Where adult children have grown up in highly dysfunctional and abusive situations, then NC is their only option and as far as I can see, it’s a last resort after many attempts at trying to fix things. These AC have no such thing as a happy ending. Life for them can be and often is very traumatic and difficult especially on birthdays and Christmas.
For those AC who have had loving, caring parents and the relationship was previously good, but you’ve taken the advice from people you hardly know and gone NC, you really need to take a good look at yourselves and the impact you are having on your parents. Estrangement is a killer make no mistake. Parents have ended their lives or become ill and died.

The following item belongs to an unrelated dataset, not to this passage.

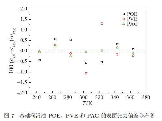式中,T 是溫度,K;σ 是表面張力,mN·m?1;a、b 和 c 為關(guān)聯(lián)方程的擬合參數(shù)。基礎(chǔ)潤滑油 POE、PVE 和 PAG 的參數(shù)關(guān)聯(lián)值和絕對平均偏差列于表 4 中,其實驗數(shù)據(jù)與關(guān)聯(lián)方程的絕對平均偏差分別為 0.43%、0.45% 和 0.13%;三種基礎(chǔ)潤滑油的相對偏差分布如圖 7 所示,其實驗測量結(jié)果的相對偏差均在 ±1.5% 以內(nèi),表明實驗結(jié)果與關(guān)聯(lián)方程的吻合良好。
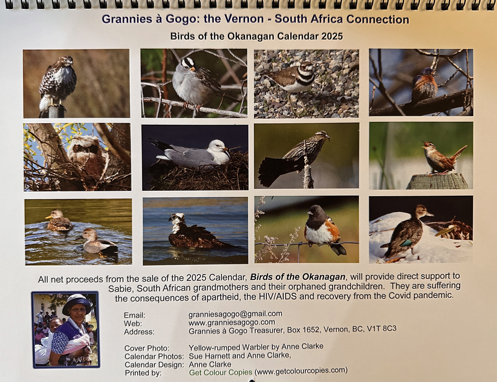 2025 Calendar – Beautiful photos of local birds in their habitat. The calendar is printed on high quality stock, each photo measuring 8″ x 10″, with every month featuring plenty of room to note the events of each day. The calendar, with a centre coil, measures 17″ x 11″ when opened and is an easy-to-mail gift. Order online and have it delivered to the recipient or we can arrange for pick up in Vernon. You can also order by emailing granniesagogo@gmail.com.

If you can sit and eat your Christmas dinner knowing your parents are facing the bleakest of days, the problem isn’t them.
If you can ignore birthdays, Mothers and Father’s Day knowing the pain it will cause, the problem is not them.
If you can tell your children that your parents are bad people or you simply deny they exist, or if you think you can talk your way through explaining the benefits of cutting your child off from knowing it’s own gene pool and tribal roots, the problem is not your parents.
If you can snub, ignore, ostracise, dish out the silent treatment on an ongoing basis, sulk and then act as though you are the victim, it’s you that’s the narcissist, not your parents.
If your parents loved you and did their best yet you can deal with knowing all these things above and yet still continue to hurt your them in this way, the problem isn’t them.